Onward indeed toward one of our favorite destinations in the Gulf Islands, The British Columbia Marine Provincial Park of Wallace Island and Canover Cove. And I'll tell you this much about the next upcoming segment. Our arrival was nothing short of a delightful event is several differing ways. See you then...
Foster

Monday, October 19, 2009

Installment #7: Jedediah Island Marine Provincial Park

One of my favorite locations in the Strait of Georgia is Jedediah Island Marine Provincial Park located between Lasqueti and Texada islands. It is the largest and most diverse of a chain of more than 30 islands and rocky islets northwest of Lasqueti. Jedediah is home to a forest ecosystem with a variety of tree species, including Douglas fir, hemlock, cedar and arbutus. The vegetation grows throughout meadows, lowlands and rocky outcrops. Evidence human settlements are a homestead including the main house, shed and barn are located at Home Bay. Built around 1905 by the Foote Family, a reminder of a way of life once common along the BC Coast. A second house built in the 1980’s (pre park) still stands in Long Bay. A rich marine environment encircles Jedediah Island, which offers five secluded bays for safe harbour. But mariner beware, each of these bays have their weaknesses. A more detailed island map follows below.

In this photograph by Catherine Brown, the sailing vessel AQUILA finds not only safe haven but a secluded anchorage in Deep Bay with no other boats on this 2nd to last summer evening for 2009. While I have visited Jedediah numerous times this was the first trip for Catherine and the sailing vessel AQUILA.

Jedediah Island is part of a mild climate area centered in the southern Strait of Georgia and encompasses most of the Gulf Islands. This weather zone is influenced by the rainshadow effect of the Vancouver Island mountain ranges. In the summer, periods of drought and high temperatures are common, often lasting up to several weeks. Winters are typically rainy and mild receiving little or no snow.
Ever the beach comber and intrepid tide pool explorer Catherine, seen here perched on the portside gunnel of the dinghy, is delighted at her find in the Deep Bay anchorage off Jedediah…

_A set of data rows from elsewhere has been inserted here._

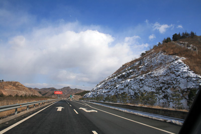 金杯车载着义工们的欢声笑语,开始了从北京到赤峰的路途。随着我们日渐北进,气候也越来越寒冷,河流也开始冰冻起来。山上路边都有积雪,清晨的凉风加强了势力,摇身一变成了凛冽的大风,将我们吹回了冬天。由空间的移动而倒流了时间的感觉很美妙。
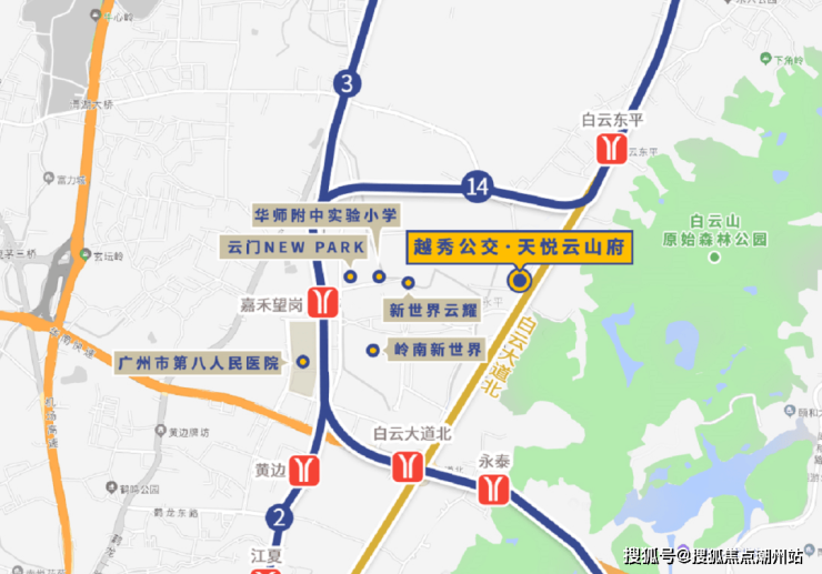 越秀公交·天悦云山府项目位于白云东平南路,该地块前身为白云大道北永泰客运站。由越秀地产于去年第一次土拍中以33.4亿元竞得,楼面价27191元/㎡。 脉享白云黄金中轴繁盛配套,这里有云门NEW PARK商场、云悦云里广场、百世商业广场等15万方成熟繁华商业,3km范围内百年华新、培英、华附小等11所学府荟萃。5公里内即达四大文化地标:广州市城市规划展览中心、广东画院、广州体育馆、白云国际会议中心,约2000米即可到达白云山国家公园,毗邻麓湖公园、云溪生态公园、白云公园/广州儿童公园等生态大境。
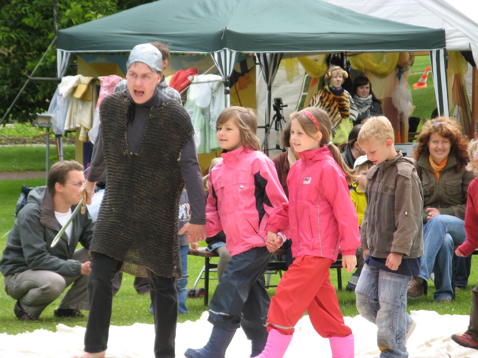Bei diesem Mitspieltheater begaben sich die Kinder mit zwei Figuren der Ritterzeit auf eine abenteuerliche Reise. Mal verwandelten sich die Kinder in die Wellen des Meeres, mal waren sie die tanzenden Höflinge im Burghof des Ritters, mal sollten sie die Gespenster im nächtlichen Wald beruhigen oder gegen einen mächtigen Sturm ankommen. Es waren viele „Gefahren“ und Aufgaben, die auf die Kinder zukamen. Bei dem Mitspieltheater ging es uns vor allem um die Möglichkeit, dass Kinder in das Spielgeschehen durch vorgegeben alternative Spielsituationen stimuliert wurden. Sie sollten Mutproben bestehen, sich für eine Spielerfigur einsetzen oder mit ihr gemeinsam ein Abenteuer bestehen. Die Mitspielresonanz war sehr groß.

A species of small fish that will eat right out of her hand…

These 'fry' who normally feed on shrimp larvae and other protozoa are the backbone of the food chain reaching up to the pollock, cod, herring, halibut and of course the salmon.

And speaking of species; when we look ashore the main mammal species occurring on Jedediah Island include black-tailed deer, raccoons, mink, river otter, mice, shrew, and voles. “Black-tailed deer,” as stated in the B.C. Ministry of Environment guide, “due to the absence of predators or hunting, may become numerous enough to have an adverse impact on the island's vegetation.” Hmm… Me thinks the 50+ sheep and 20 or so feral goats may have cornered that market. Again according to B.C. Ministry of Environment guide “The goats may be a unique breed. Former resident Al Palmer believes the goats were dropped off by the Spaniards during very early periods of exploration. Other Gulf Islands such as Saltspring, Galiano and Saturna have goat populations which were introduced as early as 1890.”
An Ochre Sea Star being attacked by a Sun Star, these competing echinoderms are typical of the starfish or sea stars found in the Pacific NW.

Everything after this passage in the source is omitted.